You’ll need to install the fingertipsR package. The simplest way to do this is with the pak package, which handles package dependencies for us:

install.packages("pak")
pak::pak("rOpenSci/fingertipsR")

library(tidyverse)
library(janitor)
library(fingertipsR)

2.2 Identify relevant indicators

The Fingertips API provides information on a huge range of public health indicators for England.

As a first step, use the indicators_unique function to extract a list of the available measures. For example:

ind <- indicators_unique()

ind |> filter(str_detect(IndicatorName, "pollution"))
ind |> filter(str_detect(IndicatorName, "Mortality rate"))

From the lists above, let’s choose:

• 93963: Mortality rate from respiratory disease, all ages
• 93867: Air pollution: fine particulate matter

2.3 Extract information for these two indicators

• Use the fingertips_data function to extract information for each indicator (see the help file if you’re unsure).
• Use AreaTypeID = 501 to select information for local authorities.

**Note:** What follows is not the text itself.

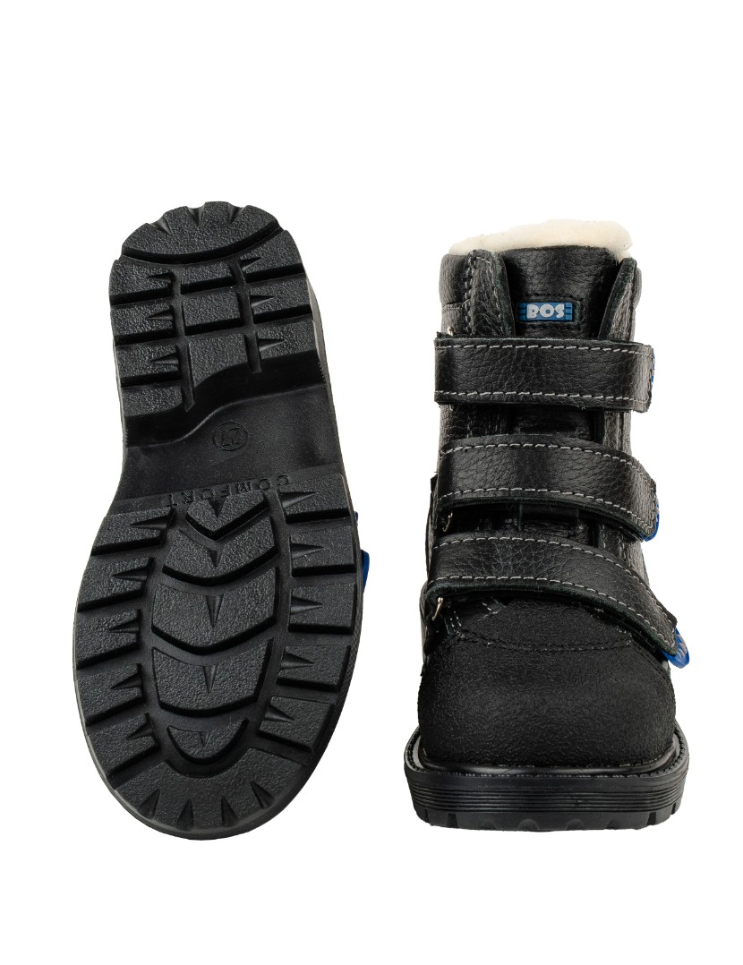 Утепленные ботинки  из натуральной кожи премиум-класса и подкладки из шерстяного меха, согреют ножки ребенка. При выборе модели с шерстяным мехом, за счет плотности меха, рекомендуем выбирать детскую обувь на 1-1,5 размера больше. Внутри - съёмная стелька с активным супинатором. Жесткий задник надежно фиксирует голеностоп, а липучка "Велкро" помогает регулировать полноту. Умерено эластичная и прочная подошва с каблуком Томаса не скользит и хорошо поглощает ударную нагрузку, что позволяет ножкам ребенка не уставать.

2.4 Clean and merged the two datasets

• You’ll need to process the timeperiod column to create a consistent ‘year’ indicator.
• You should merge on area (e.g., area_code) and year.
• You will need to handle duplicates (e.g., using distinct(data, .keep_all = TRUE)

2.5 Plot the merged dataset

Your might consider:

• A scatter plot of air pollution and mortality rate for a single year.
• A line plot of air polution and mortality over time for a few boroughs. (This may require further reshaping of the data).

3 Going further

If you’ve gotten this far and run out of things to do:

• To explore further, you could consider incorporating additional longitudinal datasets to analyse trends over time.

• Visit this page where you’ll find borough-level datasets covering multiple years. Your goal is to download these datasets, clean them, and merge them with your existing data to create a more comprehensive longitudinal analysis.

• Since the data is provided in multiple files, you will need to import and combine them while ensuring consistent formats across years.

• You’ll need some form of iteration, e.g., to iteratively download and process all the datasets in R.

• Once merged, you can create time series plots to visualise long-term trends and explore whether pollution and health outcomes have changed over time. Think critically about whether changes in policy, healthcare improvements, or external factors might explain trends in your data.